You have to understand . . . we’d sailed to Catalina countless times during our sixteen-year marriage, but I was not a good sailor. I hid below at the first hint of rough seas, and had always been too scared to learn more than rudimentary sailing skills. Besides, I still had lingering doubts about spending all that time with my ex. “Oh, relax,” he said. “Nothing’s gonna happen.” I look back now and I think, oh, something happened all right . . . and I can’t tell you how many times I wished I’d just said no.

But I felt bad . . . I didn’t want to spoil the weekend for my daughter and her friend, and even her dad. But as an extra bit of protection, a buffer, I called my brother David and convinced him to come along. He drove from Pasadena to the Marina while we went shopping for provisions, and by the time we motored into the channel it must have been after three. Steve taught David, who’d never been on a sailboat, how to help him raise the sails, and we took off.

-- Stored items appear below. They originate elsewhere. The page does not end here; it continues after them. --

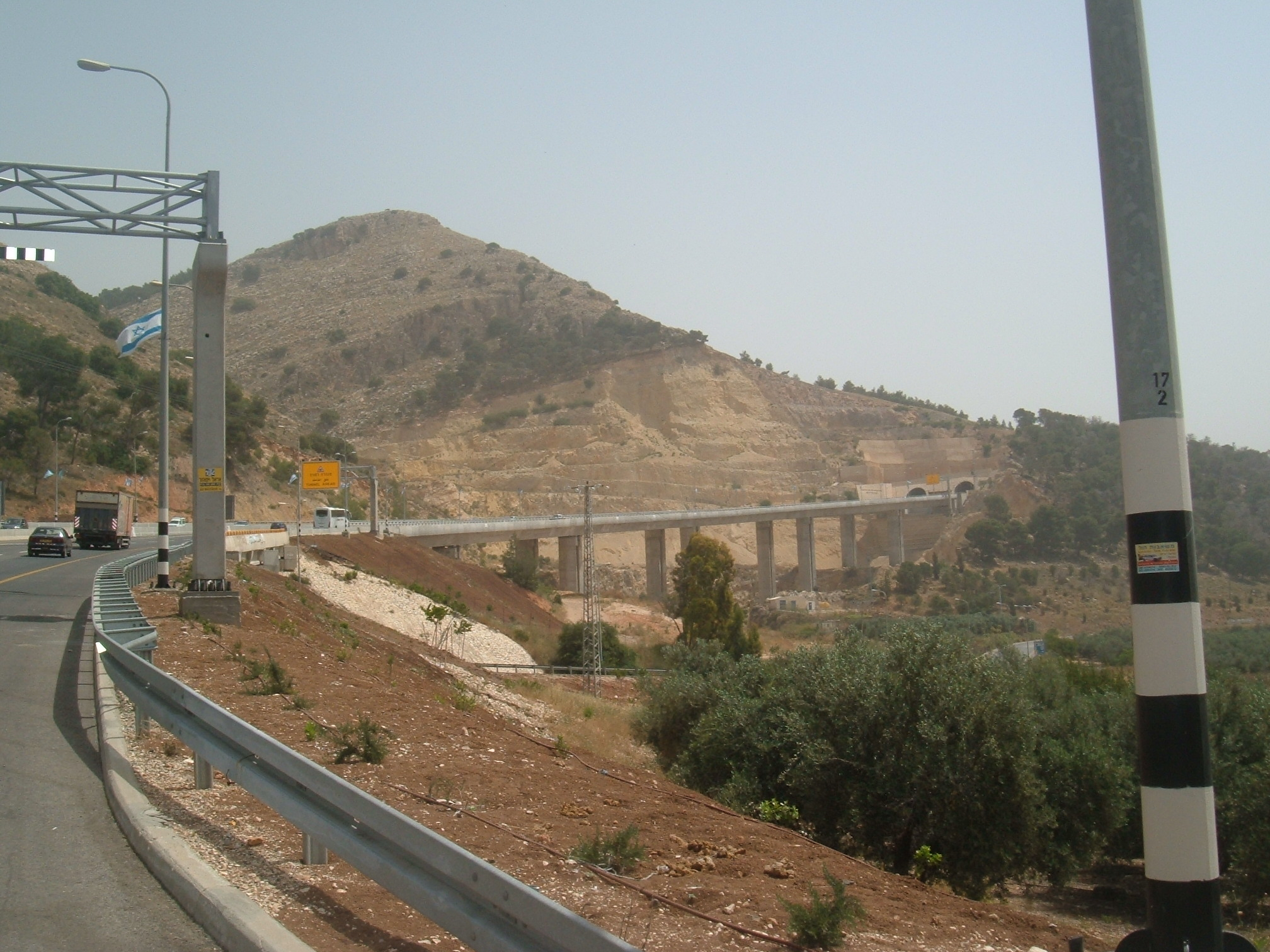 tunnel linking Afula and nazereth illit running through mount precipice Nazareth כביש המנהרות בין עפולה ונצרת עילית העובר בתוך הר הקפיצה
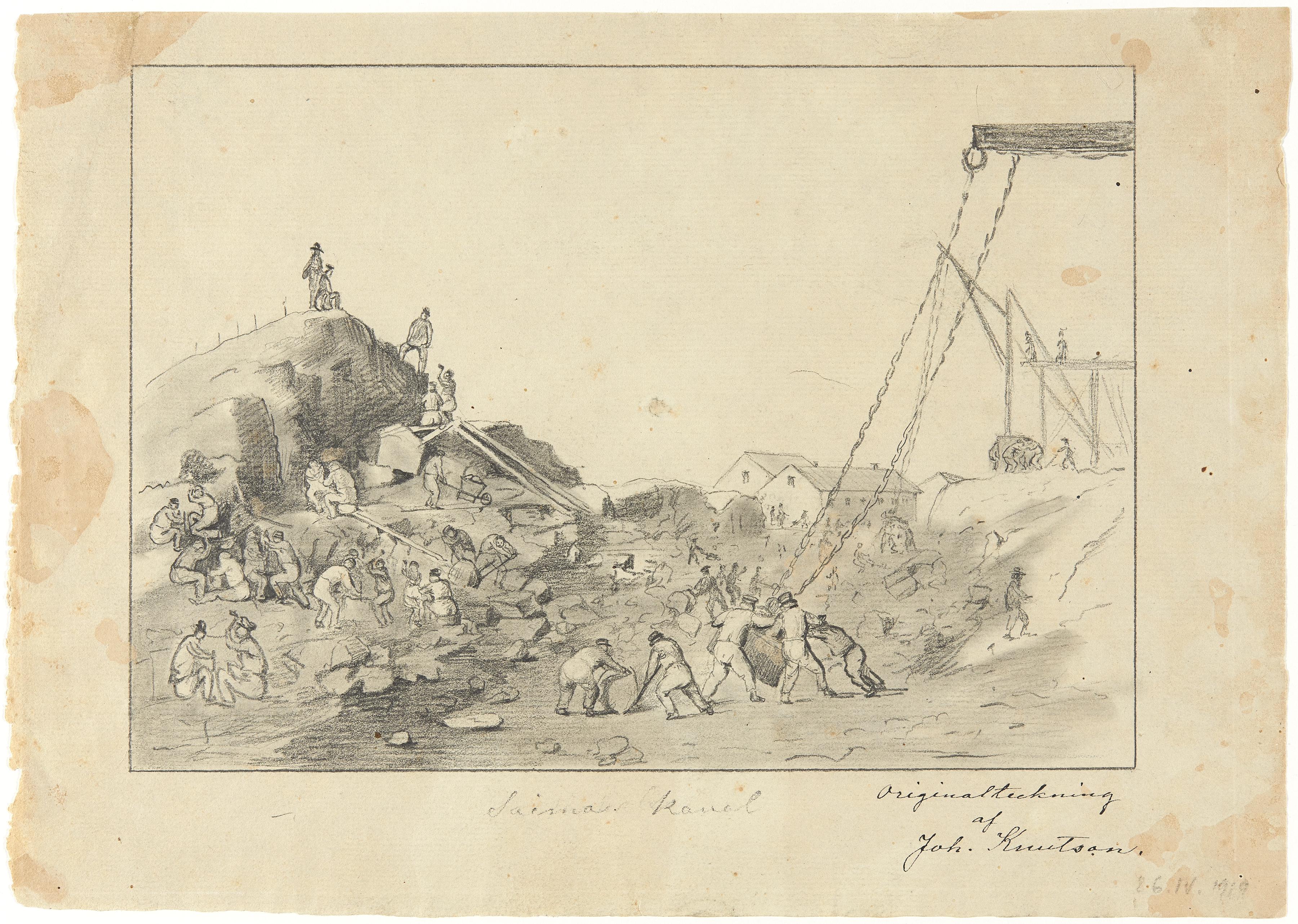 The construction of the Saimaa Canal. Drawing by Johan Knutson.
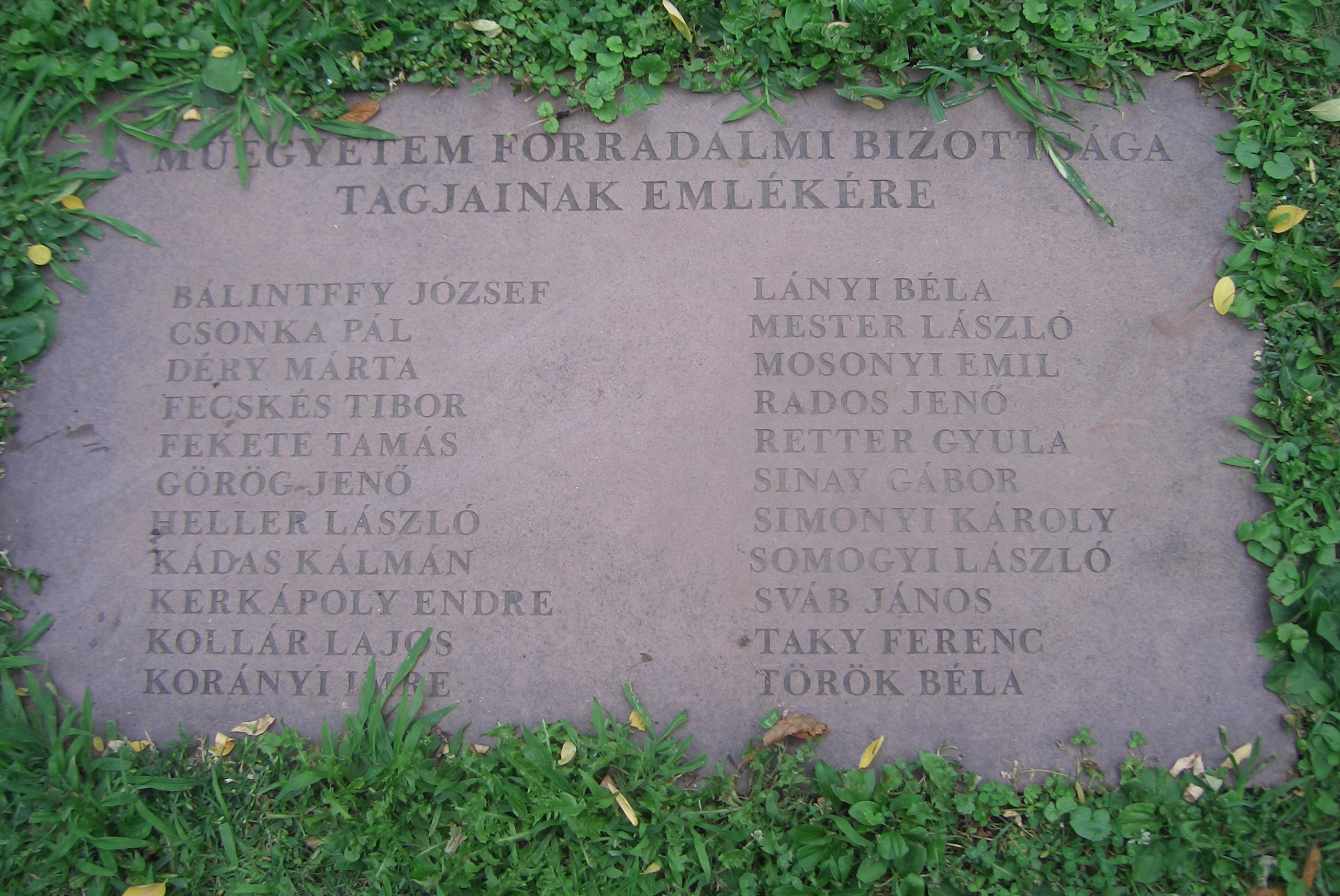 Memorial Stone commemorating the Students and Professors Movement in the 1956 revolution, Budapest University of Technology and Economics (BUTE), between Central (K) Building and the Library. Memorial plaque commemorating the leaders of the Revolutionary Committee of The University.
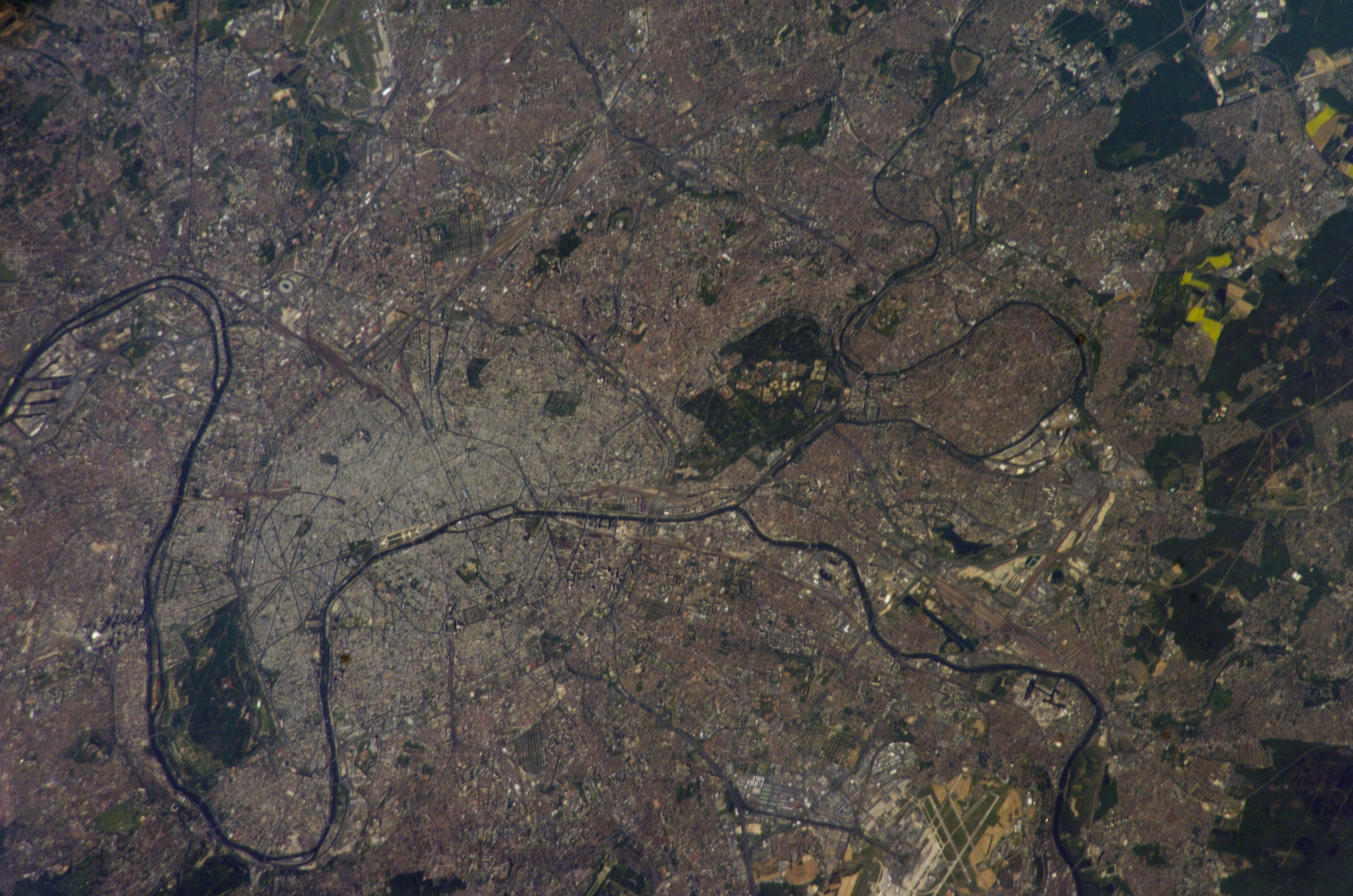 Satellite picture of Paris by NASA. Mission: ISS004 Roll: E Frame: 10413 Mission ID on the Film or image: ISS004 Country or Geographic Name: FRANCE Center Point Latitude: 49.0 Center Point Longitude: 2.5 (Negative numbers indicate south for latitude and west for longitude)
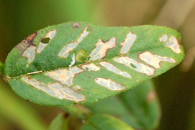 Agromyza vicifoliae from Commanster, Belgian High Ardennes .
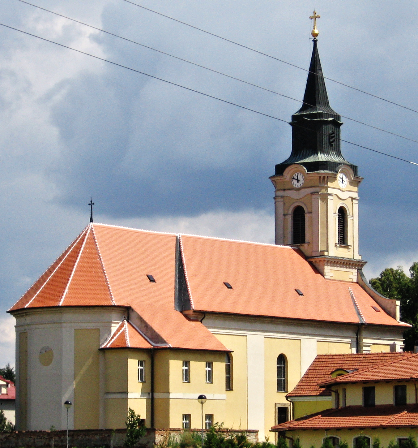 Saints Cyril and Methodius churches in Ratíškovice, Hodonín District, Czech Republic

It was a perfect day. Warm, but not too hot, clear . . . and then the dolphins came. They surrounded the boat. And it was magical . . . dozens of smooth, brown-skinned escorts diving in and out of our wake. Steve got his camera and videotaped the whole thing. And in my usual, anxious way I yelled at him and the girls to hang on. “Don’t lean over,” I said. “You’ll fall in.” But they didn’t, and Steve—in words that annoyed me at the time but today make me very proud—told me to stop being a Jewish mother. “Oh, relax,” he said. “Nothing’s gonna happen.”

So I did what I always did on a boat when I got nervous. I went to sleep. And when I woke up, the dolphins were gone and I heard the familiar sound of Celine Dion singing her number-one hit that year, the theme from Titanic. Our daughter was laughing at her dad, yelling at him to turn it off—she didn’t want to hear music about a shipwreck. And her father reassured her in exactly the same words and tone he’d used with me. “Relax,” he said. “Nothing’s gonna happen.”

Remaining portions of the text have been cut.